Indic-Computing Handbook
Prev	Chapter 18 Indic Languages	Next

18.2 Language Information

Each chapter covering a language has the following proposed structure:

Background Information

General information about the language that would be of interest to developers. This would include brief descriptions about the following:

The history of the language.
The language family this language belongs to and how this language is related to the other languages in its family.
The number of speakers of the language, and their geographic distribution.
For languages that are widely dispersed, the cultural differences between regions that a programmer should be on the lookout for.
Short descriptions of the major variants and dialects of the language.
A mention of the primary script that this language is written in, with a link to the appropriate Handbook chapter for that script.. If the language is written using multiple scripts, this fact should be mentioned.
If tutorials and beginners guides for this language are available on the Internet, these could be briefly mentioned in this section. The reference section would then contain further information about accessing these tutorials and guides.

Linguistic Information

An introduction to the linguistic characteristics of this language, focussing on issues in Natural language processing, corpus linguistics, grammatical analysis and visual display.

Character set encodings

Some languages are supported by more than one character set encoding and some character set encodings can express more than one language.

Each character set encoding that could be used to encode this language would be mentioned here, with a link to appropriate chapter in the Handbook that examines the character set encoding in detail.

The plus points and drawbacks for each character set encoding used to encode this language would then be described. For example, a character set encoding many not cover all the characters in the primary script for this language, or many have inappropriate semantics for a few characters. Such issues would be highlighted here.

Input methods

Describe the available input methods for this language. For example, a language may be supported by:

One or more ``standard'' keyboard layouts. These would be covered in greater detail in the chapter on the corresponding script, but any language specific quirks would also be mentioned here.
Voice recognition interfaces, if available.
Handwriting recognition interfaces, if available.

For each input method, we would list the output character encodings supported by it.

We would also cover any issues in providing WYSIWYG input methods for this language.

Text processing

An introduction to the issues involved in text processing for this language would be covered in this section:

The different ways the language can be sorted.
Searching and matching semantics; what it means for one word to match another. For example, some character sets support alternate ways to encode the same string due to the presence of ``compatibility'' characters.
Morphological analysis on the language: how word roots are determined, prefix and suffix rules.

XXX: to be determined whether line-breaking rules are script dependent, or if they are language specific.

Locale information

Locale definitions are in general region and character-set encoding dependent. This chapter would, at the minimum, describe the contents of a ``popular'' locale definition--i.e., using the primary character set encoding, and for a region where computing in the language is widespread..

This section would include information about:

Time and date handling: the calendars in use, how clock time is expressed and the like.
Measures of physical quantities.
Currencies and typographical conventions for monetary quantities.
Numeric systems in use (some regions use old, non-metric numeric systems).
Salutations, typical message strings that frequently arise during application programming, etc.
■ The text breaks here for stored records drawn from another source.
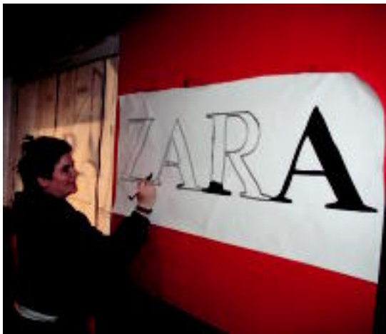
Elorri tabernak Zara dendetako itxura izango du Inauterietan.

Tolosako jaiak kalean bizitzen direla esan ohi da, baina ez dira gutxi orduak taberna zuloetan ematen dituztenak; tabernariak jo eta su ari dira lanean edariak eta giroa prest edukitzeko 03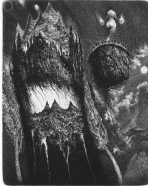
Pour Féliciter 1996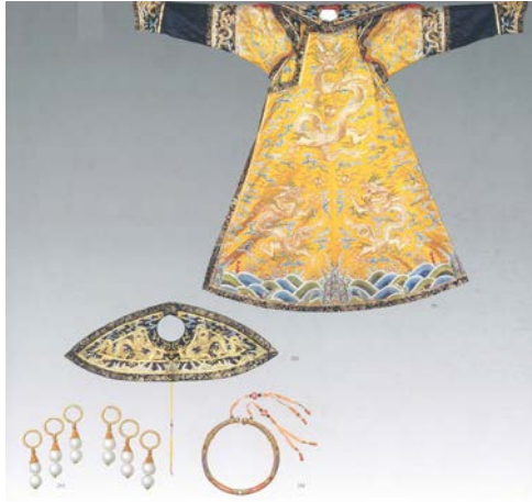
圖 6：皇太后的金約與耳環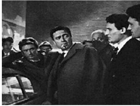
1960 FLAGRANT DÉLIT (La Garçonnière) de Giuseppe De Santis avec Raf Vallone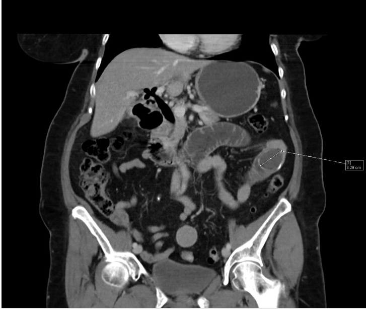
Figura 2. Tomografía Computarizada de abdomen y pelvis. Se observa una imagen hipodensa en región lateral izquierda que ocupa por completo la luz de un asa intestinal.

En 1941 Rigler, Borman y Noble describieron los signos clásicos, conocidos como "Triada de Rigler" (40-50%): cálculos ectópicos, neumobilia (signo de Gotta-Mentschler), y distensión de asas intestinales (2) . Dos de tres establece el diagnóstico. La fístula puede ser colecisto-duodenal (65%-75%), principalmente íleon terminal (70%); colecisto-colónica (10%-25%); o colecisto-gástrica (5%); y formarse por colecistitis recurrente (0.3-0.5%) o secundaria al síndrome de Mirizzi.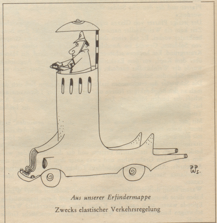
Aus unserer Erfindermappe Zwecks elastischer Verkehrsregelung

Ferien gönnt er sich kaum, denn als Oberstleutnant muß er in seinen Mußwochen die Probleme der Landesverteidigung lösen helfen. Man würde es kaum glauben, aber es stimmt: dieser energische, ums Gemeinwohl so besorgte weltoffene Mann findet abends noch Zeit, nach Konstanz zu fahren, um dort den Kontakt mit dem benachbarten deutschen Volk zu pflegen!»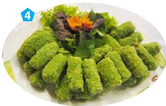
Chả giò cốm xanh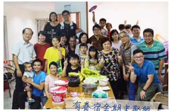
有眷宿舍期末聚餐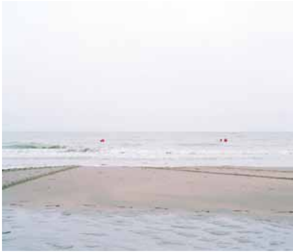
Bouées, Paysage #5 - 2006 Tirage jet d'encre couleur - 200 x 164 cm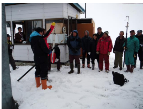
救助用具の取り扱い方法説明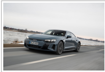
Audi e-Tron GT.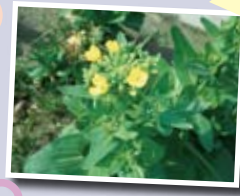
チンゲンサイの花

チンゲンサイの旬は1月から3月ですが、藍住町ではハウスで1年を通しておいしく生産されています。栽培面積は約4ヘクタール、生産量は83トンで、県下第4位の生産地となっています。最近では、新作物として試作研究を進めてきたミニチンゲンサイも生産されており、地場農産物として町の学校給食にも使用され、子どもたちにも好評です。※レシピを町ホームページに掲載しています。おいしい体験をしてください。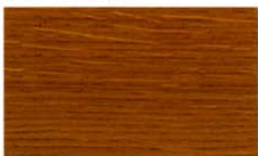
W-13/ダークウォルナット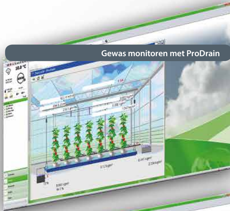
Gewas monitoren met ProDrain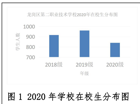
图 1 2020 年学校在校生分布图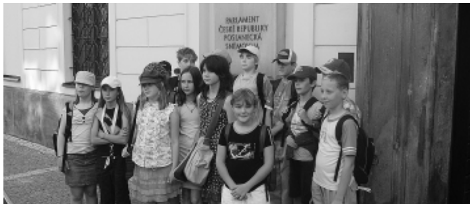
Velkým zážitkem pro pátáky byl projektový den, v rámci kterého navštívily děti Parlament ČR, prohlédly si pražské památky a popovídaly si anglicky s cizinci na Karlově mostě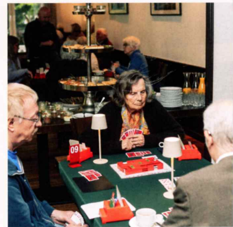
Ruhig und hochkonzentriert wird Turnierbridge an den Vierertischen gespielt.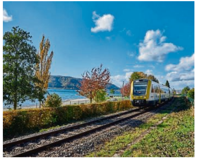
Das Bahn- und Busnetz am Bodensee macht eine autofreie Anreise und Fortbewegung in der Region möglich.

Entsprechende Formulierungen finden Urlauber in den Geschäftsbedingungen (AGB). Wer sicher gehen möchte, ob der Veranstalter die Preise anziehen darf, kommt also nicht drumherum, das Kleingedruckte zu lesen. Genauso beinhalten solche Klauseln auch, dass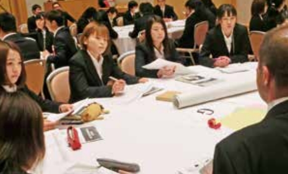
先輩職員の経験談に耳を傾ける参加者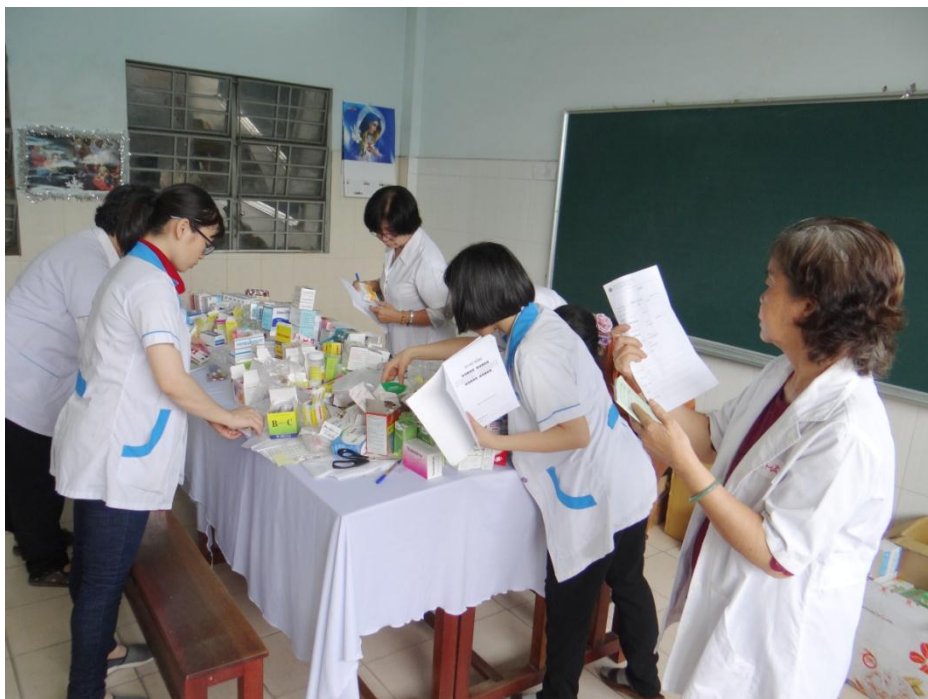
Nhóm Dược sĩ chuẩn bị thuốc cho các cháu

Sau khi khám bệnh xong, cả đoàn đã ngồi lại cùng với Ban Giám Hiệu trường để cùng lượng giá về tình hình chung sức khỏe của các học sinh, nhằm giúp chăm sóc cho các em cách tốt nhất.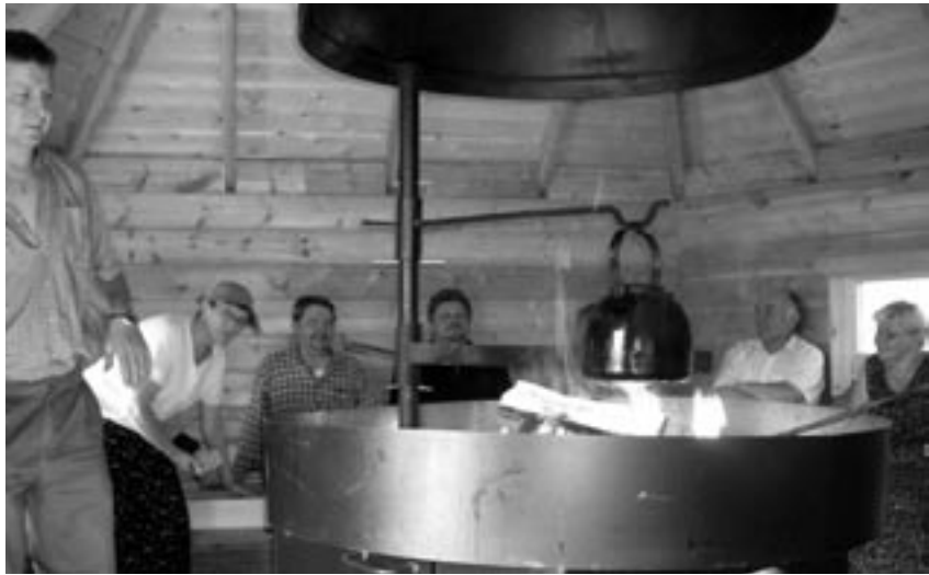
Kahvin keitossa Autiolammen kodalla.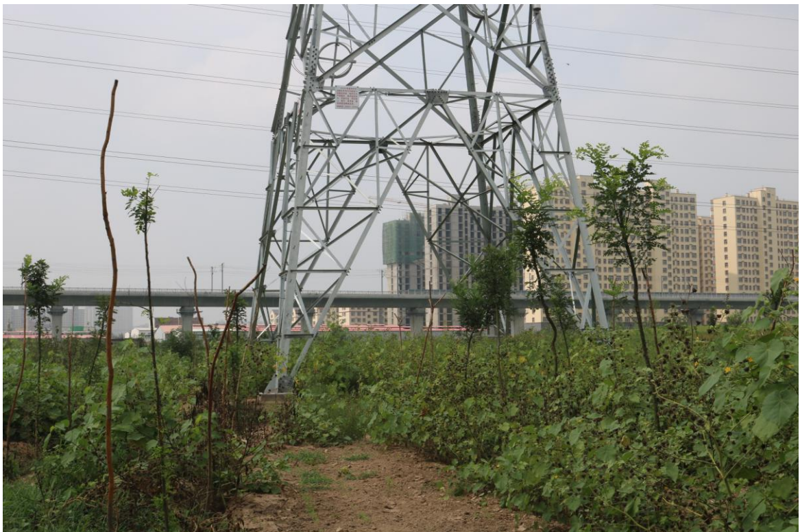
衡水站外塔基已复耕（2018 年 7 月）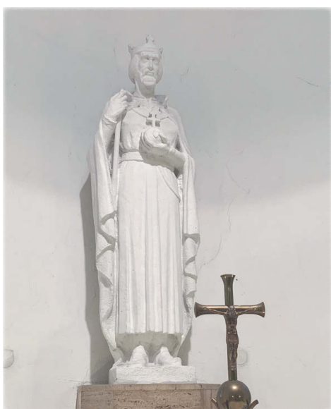
Szent László szoba a péti római katolikus templomban

...A koronát a templomban a fejemre tették, s mikor utána párnára helyezve, magam előtt vittem: új ceremóniát kezdtem. Ez az egész. A korona jelentését jobban, s mélyebben tudom, mint ahogy ti, koronával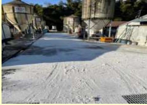
鶏舎周囲の消毒を定期的実施！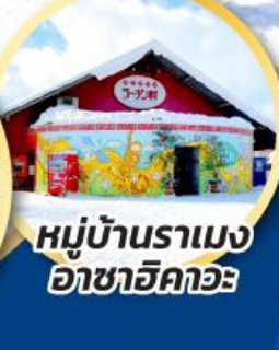
หมู่บ้านราเมง อาซาฮิคาวะ

ชมความน่ารักของน้องๆ ที่สวนสัตว์อาซาฮิคาวะ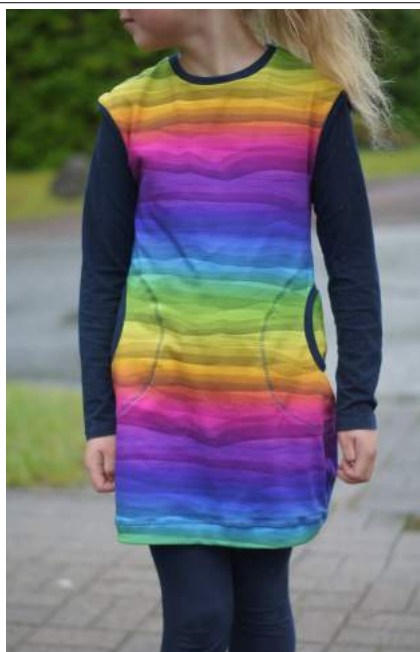
Schnelle Deern Ballonform mit angeschnittenen Käppchen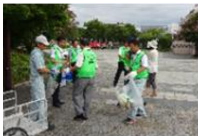
←月に一度の合同清掃活動 （京都・梅小路みんながつながるPJ） 【28延べ1,139人参加】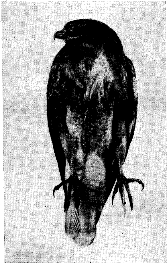
FIG. 2. — Tipo de Buteo macronychus Philippi.

Características. — Ala ♀ 363-375 mm.; exactamente igual al inmaduro de Buteo borealis borealis ; por encima café sepia; rectrices con barras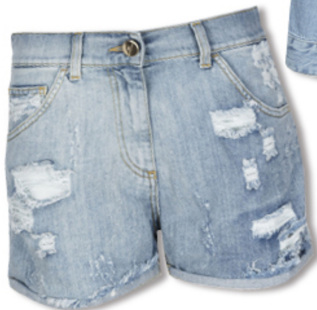
SZORTY ELISABETTA FRANCHI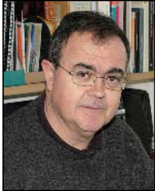
FRANCESC TARRATS I BOU

Descendent –per banda paterna– d'una família de menestrals i comerciants i –per banda materna– d'una altra d'artesans, tots ells residents a la Part Alta de Tarragona, Bonaventura Hernández Sanahuja va néixer al carrer de la Merceria d'aquesta ciutat el 30 de maig de 1810, on havia de morir el 9 de novembre de 1891.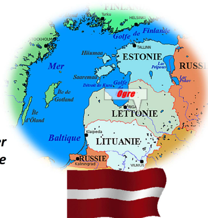
Drapeau de la Lettonie

Chrétiens de Metz Rive Gauche, Communautés des Ponts, du Saint Quentin, des Fontaines, ne manquez de venir prier ensemble en vue de l'Eglise une et universelle. Le Mercredi 20 Janvier à 20h00 à l'église Notre Dame de Lourdes.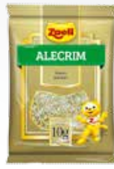
Alecrim Desidratado Alecrin Deshidratado Dried Rosemary SAP: 102587 | 20x10g DUN 14: 1 789618390926 0 EAN 13: 7 89618390926 0 NCM: 1211.90.01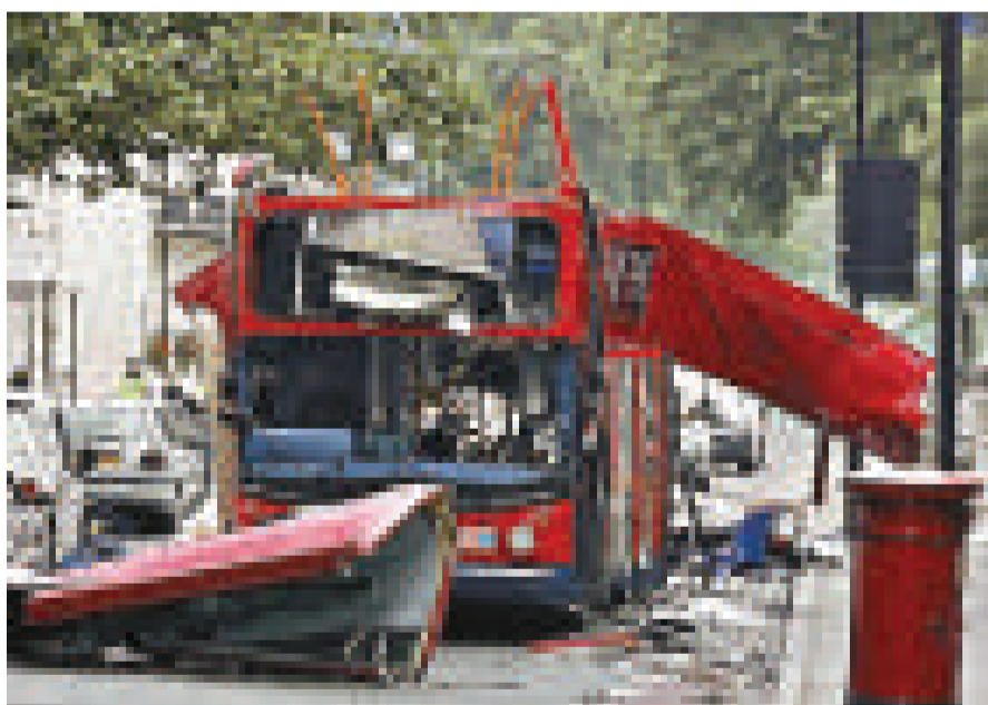
▲2005年7月7日，英國的地鐵和巴士遭恐怖分子的襲擊 資料圖片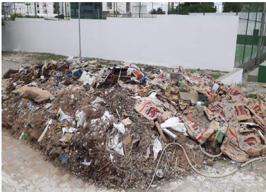
Entulhos – Colégio Municipal Álvaro Lins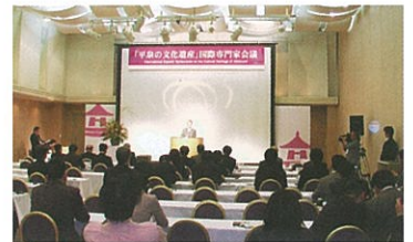
▲「平泉の文化遺産」国際専門家会議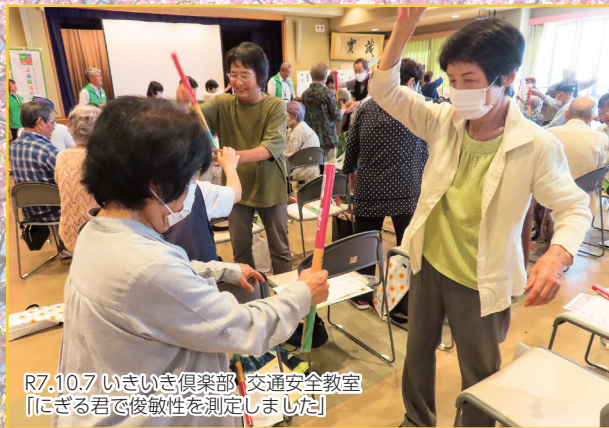
R7.10.7 いきいき倶楽部 交通安全教室 「にぎる君で俊敏性を測定しました」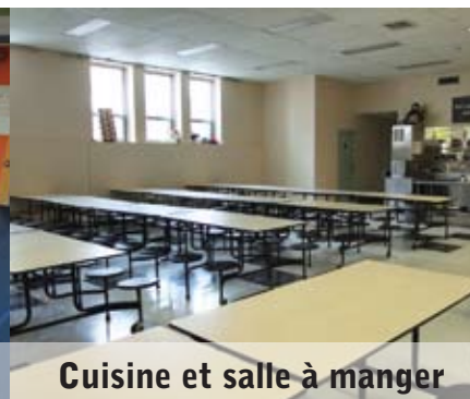
Cuisine et salle à manger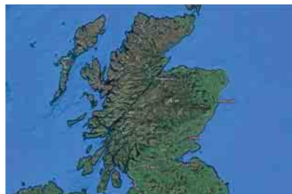
Вид на разлом Глэнмор из космоса

Места эти очень красивы. Среди поросших лесом гор расположена цепочка из узких (порядка двух километров), но очень длинных (общая длина около 100 километров) озёр: Лох-Линне, Лох-Лохи, Лох-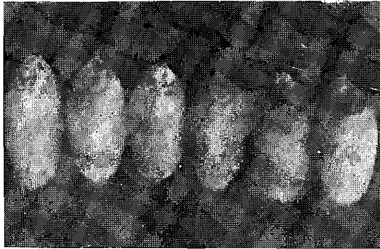
ŞEKİL 1 Sağlam ve embriyo kısımları esmerleşmiş, hastalıklı taneler (Orig. 20.XI.1964 Eskişehir)

1964 senesinde, sulanır şartlarda yapılan buğday ıslahına ait materyal gözden geçirilirken, bazı buğday çeşitleri ve açılması duran melezlerde, tanelerin embriyo kısımlarında meydana gelmiş esmer, koyu lekeler dikkatini çekti. Şekil 1 de görülen bu lekeler, cetvel 1 de isim, tür ve gelcükleri yerleri bildirilen 234, 406, 2800, 4871, 4951, 5006, 5010, 5024 kütük numaralı çeşitlerle, 87, 310 numaralı çeşitlerin ebeveyn olarak kullanıldığı F 8 generasyo- nundaki P20 melezleme projesinde müşahade edildi.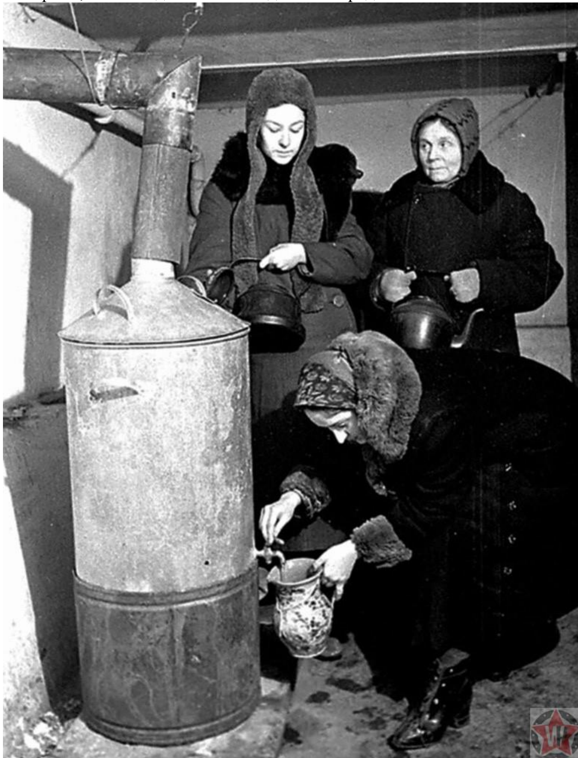
Жительницы блокадного Ленинграда набирают кипяток во время нахождения в бомбоубежище

оказавшись в безвыходном положении и перенося страдания, человек теряет волю к борьбе. Но русские её не теряли. И эта аксиома очередной раз была доказана блокадным Ленинградом. Не гениальными штабными офицерами. Не профессиональным умением полководцев. А простыми людьми. Которые не утратили воли к жизни. Которые продолжали бороться изо дня в день всё то время, сколько длилась блокада Ленинграда.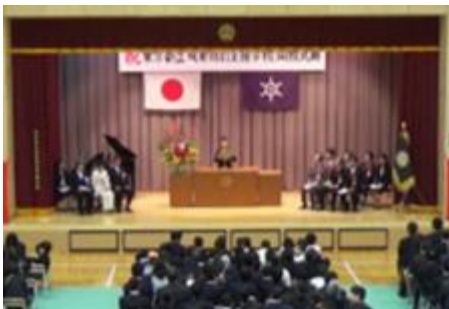
開校記念式典の様子（平成28年度）

11月22日（月）は本校5回目の開校記念日です。5年前の平成28年11月22日に開校記念式典が行われました。小学部の児童が学校の誕生を祝ってケーキの装飾を作ったり、中学部の生徒は作業学習で来校者向けの記念品を製作したりしました。10年目、さらに20年目に向けて、更に学校を発展させ、地域に根差した教育活動を充実させていけるよう教職員一同努めてまいります。

Region specific differences from this ``popular'' locale definition would be highlighted here.

Typographical conventions

Typographical conventions used when rendering text for this language:

Line breaking rules.
Rules for paragraph formation and text justification.
Rules for fine typography: ligature formation, hyphenation and the like.

Some of these typographical rules could possibly be region specific; such rules would be highlighted here.

Language specific references

The last section of each language chapter would contain a list of references for people interested in understanding this language in greater depth. Examples of such references would include:

Links to the appropriate portions of the Indic-Computing Technology Map where software relevant to this language is covered.
Key organizations promoting computerization of this language.
Language resources (for example, dictionaries) available on the Internet in electronic form
Online guides and tutorials for learners of the language.